>>>

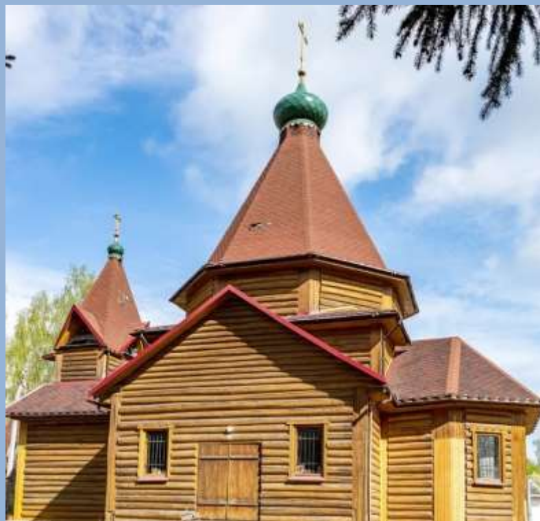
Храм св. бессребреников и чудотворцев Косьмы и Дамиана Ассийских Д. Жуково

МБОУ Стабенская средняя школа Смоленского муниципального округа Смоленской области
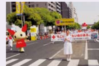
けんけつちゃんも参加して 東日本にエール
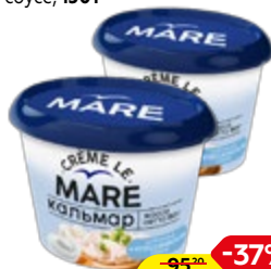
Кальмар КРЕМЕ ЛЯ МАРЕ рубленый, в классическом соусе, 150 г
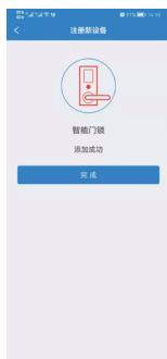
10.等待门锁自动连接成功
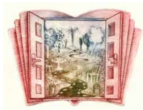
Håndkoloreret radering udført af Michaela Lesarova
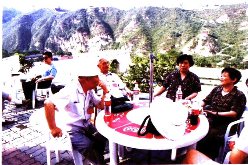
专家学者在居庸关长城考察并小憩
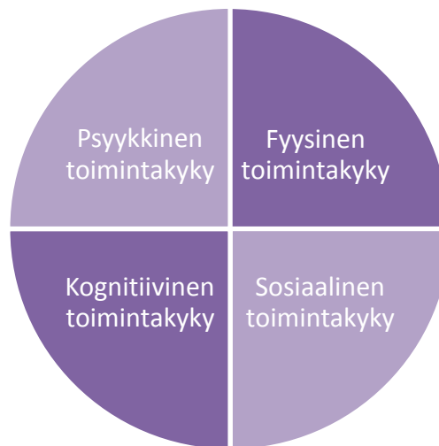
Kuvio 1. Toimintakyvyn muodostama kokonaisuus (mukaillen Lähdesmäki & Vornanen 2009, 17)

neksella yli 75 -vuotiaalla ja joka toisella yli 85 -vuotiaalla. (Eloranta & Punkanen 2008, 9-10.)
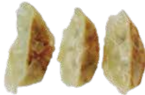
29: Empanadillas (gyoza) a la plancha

<<<
>>>

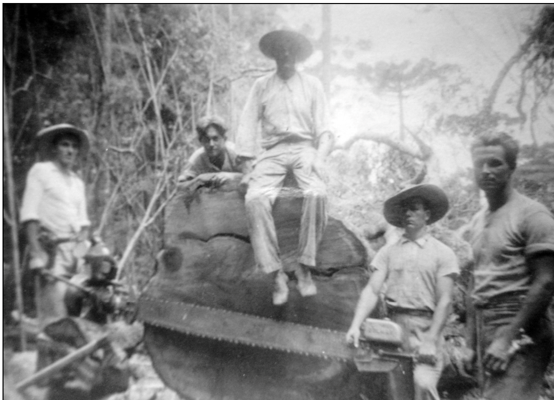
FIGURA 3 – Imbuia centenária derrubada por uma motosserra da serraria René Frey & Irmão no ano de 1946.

<<<

### Required action
Return the stretch of data that begins with the line showing "Храм св. бессребреников" and goes on through the line showing "neksella yli 75", exactly, with pictures removed.

### Written solution
Храм св. бессребреников и чудотворцев Косьмы и Дамиана Ассийских Д. Жуково

МБОУ Стабенская средняя школа Смоленского муниципального округа Смоленской области
けんけつちゃんも参加して 東日本にエール
Кальмар КРЕМЕ ЛЯ МАРЕ рубленый, в классическом соусе, 150 г
10.等待门锁自动连接成功
Håndkoloreret radering udført af Michaela Lesarova
专家学者在居庸关长城考察并小憩
Kuvio 1. Toimintakyvyn muodostama kokonaisuus (mukaillen Lähdesmäki & Vornanen 2009, 17)

neksella yli 75 -vuotiaalla ja joka toisella yli 85 -vuotiaalla. (Eloranta & Punkanen 2008, 9-10.)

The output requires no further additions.